The WeWork bankruptcy filing marks a staggering new low for the company that formerly operated on subleasing office space to workers in Silicon Valley
A few months ago WeWork said it would be exiting some of its locations. On its website, it lists 660 locations in 37 countries, down from the 764 locations in 38 countries it had about two years earlier. The company was renting more space than any other company in the month of June. WeWork franchises outside the United States and Canada won’t be affected by Monday’s actions.
WeWork has seen its share value fall 98 percent since the beginning of the year, and the company is now worth less than $45 million. At its peak the company was worth $47 billion.
In its bankruptcy petition, the company listed about $15 billion in assets and more than $18 billion in debt.
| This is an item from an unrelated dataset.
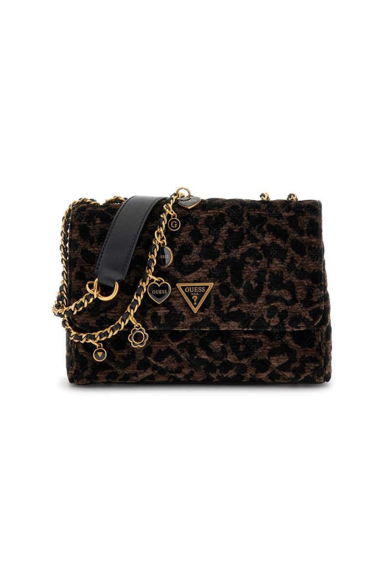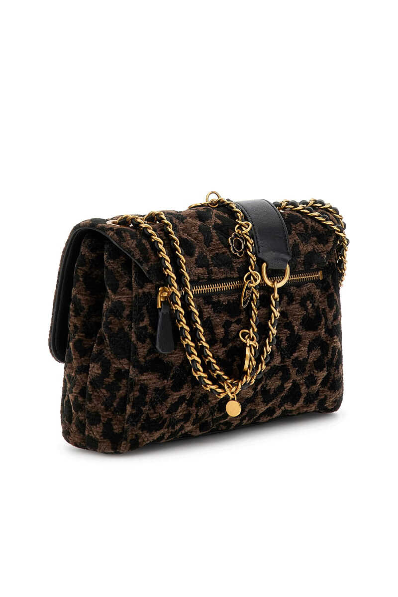 Zengin dokulu jakarlı kumaşı ve göz alıcı leopar deseniyle bu omuz çantası, stilinize iddialı bir karakter katar. Parlak zincir askısı, çantanın dokulu yüzeyi ve siyah renkli poliüretan detaylarıyla sofistike bir uyum içindedir. Askıya takılı dekoratif metal charm'lar tasarıma eğlenceli bir hareket katarken, ön kapaktaki üçgen formlu metal aksesuar şık bir son dokunuş yapar. Arka kısmındaki fermuarlı cep, pratik bir kullanım sunar.

It also has around $100 million in unpaid rent.
The bankruptcy filing marks a staggering new low for the company, which at its heyday won billions of dollars in funding from deep-pocketed investors for putting a Silicon Valley spin on the less-flashy business of subleasing office space to workers.
Adam Neumann and WeWork: Letting Out Office Space When People Can’t Work at Home – A Bad Time for Companies Who Are Trying to Lose Their Office Spaces
Adam Neumann started WeWork in 2010. It expanded at a breakneck pace and attempted to revolutionize the way people work, a lofty goal that was never fully realized.
WeWork spent gobs of money remodeling office spaces around the world on long-term leases, with the goal of making a profit on very short-term subleases.
It scrambled to renegotiate lease terms with landlords. But it faced increased competition in the world of short-term office space. And with many office workers choosing to work from home, the company failed to regain its footing.
He cut costs and laid off employees as he steered WeWork’s growth, an especially bad time for companies that want to lease out office space.